▸ GIVEN INFORMATION:
- - - -

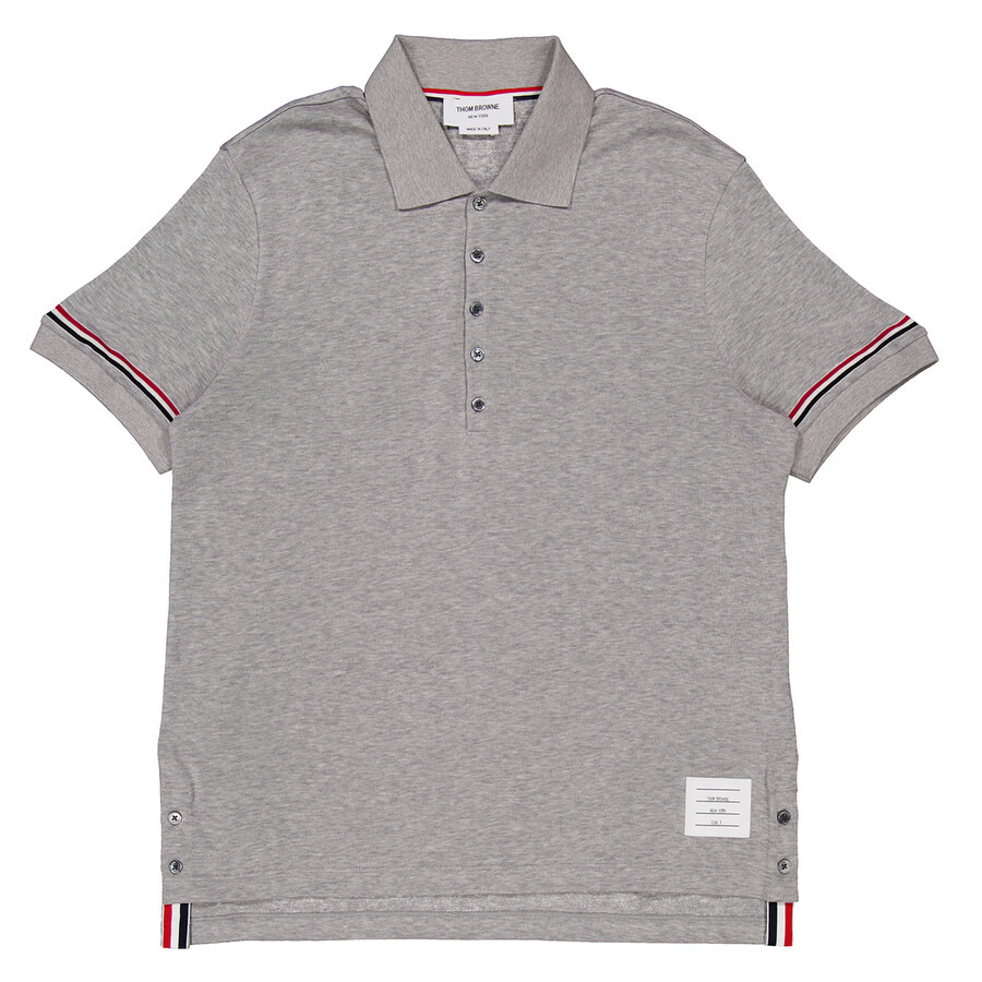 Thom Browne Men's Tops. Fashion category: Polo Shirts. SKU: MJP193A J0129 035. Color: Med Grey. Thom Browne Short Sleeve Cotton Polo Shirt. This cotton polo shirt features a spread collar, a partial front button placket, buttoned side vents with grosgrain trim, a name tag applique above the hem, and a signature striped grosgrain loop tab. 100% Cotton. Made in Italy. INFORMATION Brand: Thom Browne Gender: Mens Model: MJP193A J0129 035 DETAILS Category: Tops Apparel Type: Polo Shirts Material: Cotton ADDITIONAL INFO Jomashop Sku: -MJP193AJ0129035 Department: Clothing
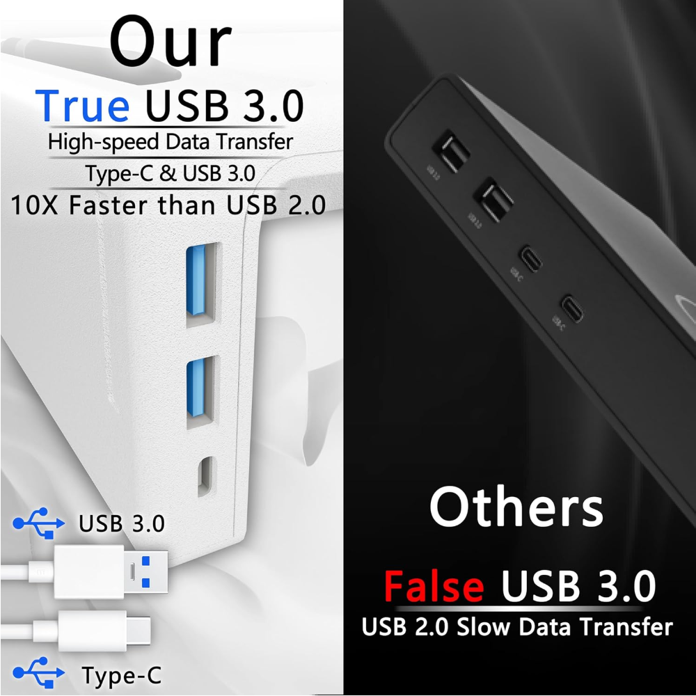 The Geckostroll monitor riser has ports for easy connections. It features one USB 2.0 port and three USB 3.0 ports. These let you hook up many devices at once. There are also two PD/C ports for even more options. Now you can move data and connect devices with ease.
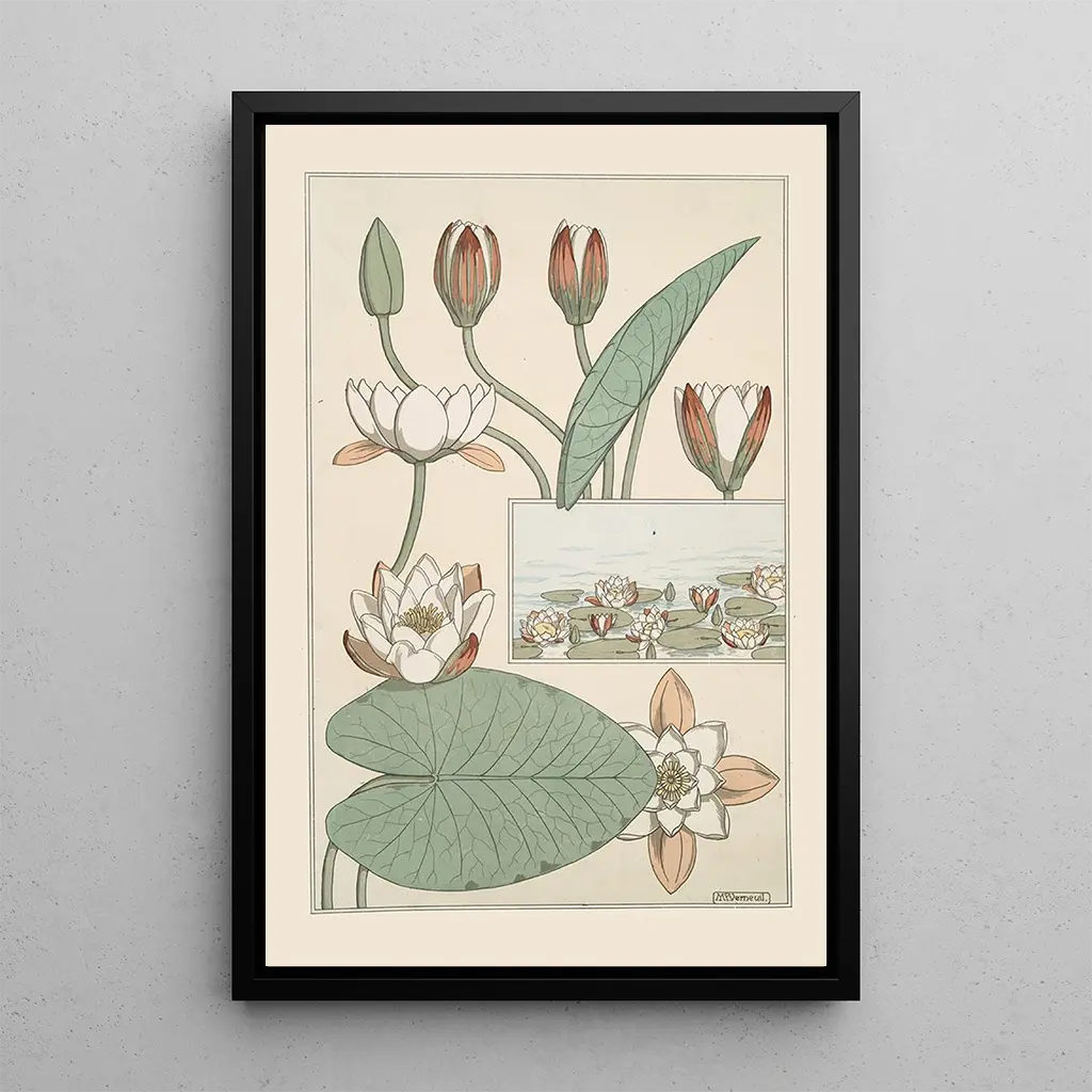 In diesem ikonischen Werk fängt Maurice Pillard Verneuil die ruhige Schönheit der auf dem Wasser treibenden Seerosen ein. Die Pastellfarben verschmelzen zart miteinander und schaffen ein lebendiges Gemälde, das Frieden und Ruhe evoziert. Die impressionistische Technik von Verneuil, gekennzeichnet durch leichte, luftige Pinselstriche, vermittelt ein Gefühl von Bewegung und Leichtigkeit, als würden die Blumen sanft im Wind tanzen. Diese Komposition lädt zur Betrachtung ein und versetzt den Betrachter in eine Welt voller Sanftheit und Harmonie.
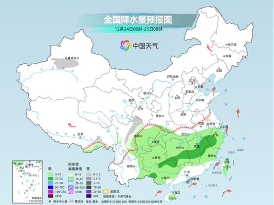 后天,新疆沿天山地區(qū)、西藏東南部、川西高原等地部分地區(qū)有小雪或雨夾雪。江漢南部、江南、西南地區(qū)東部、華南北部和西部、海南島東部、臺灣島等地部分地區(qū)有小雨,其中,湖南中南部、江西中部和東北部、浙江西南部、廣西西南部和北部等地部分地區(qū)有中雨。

- - - -

Could you print the listing above exactly, without the pictures?

 Thom Browne Men's Tops. Fashion category: Polo Shirts. SKU: MJP193A J0129 035. Color: Med Grey. Thom Browne Short Sleeve Cotton Polo Shirt. This cotton polo shirt features a spread collar, a partial front button placket, buttoned side vents with grosgrain trim, a name tag applique above the hem, and a signature striped grosgrain loop tab. 100% Cotton. Made in Italy. INFORMATION Brand: Thom Browne Gender: Mens Model: MJP193A J0129 035 DETAILS Category: Tops Apparel Type: Polo Shirts Material: Cotton ADDITIONAL INFO Jomashop Sku: -MJP193AJ0129035 Department: Clothing
 The Geckostroll monitor riser has ports for easy connections. It features one USB 2.0 port and three USB 3.0 ports. These let you hook up many devices at once. There are also two PD/C ports for even more options. Now you can move data and connect devices with ease.
 In diesem ikonischen Werk fängt Maurice Pillard Verneuil die ruhige Schönheit der auf dem Wasser treibenden Seerosen ein. Die Pastellfarben verschmelzen zart miteinander und schaffen ein lebendiges Gemälde, das Frieden und Ruhe evoziert. Die impressionistische Technik von Verneuil, gekennzeichnet durch leichte, luftige Pinselstriche, vermittelt ein Gefühl von Bewegung und Leichtigkeit, als würden die Blumen sanft im Wind tanzen. Diese Komposition lädt zur Betrachtung ein und versetzt den Betrachter in eine Welt voller Sanftheit und Harmonie.
 后天,新疆沿天山地區(qū)、西藏東南部、川西高原等地部分地區(qū)有小雪或雨夾雪。江漢南部、江南、西南地區(qū)東部、華南北部和西部、海南島東部、臺灣島等地部分地區(qū)有小雨,其中,湖南中南部、江西中部和東北部、浙江西南部、廣西西南部和北部等地部分地區(qū)有中雨。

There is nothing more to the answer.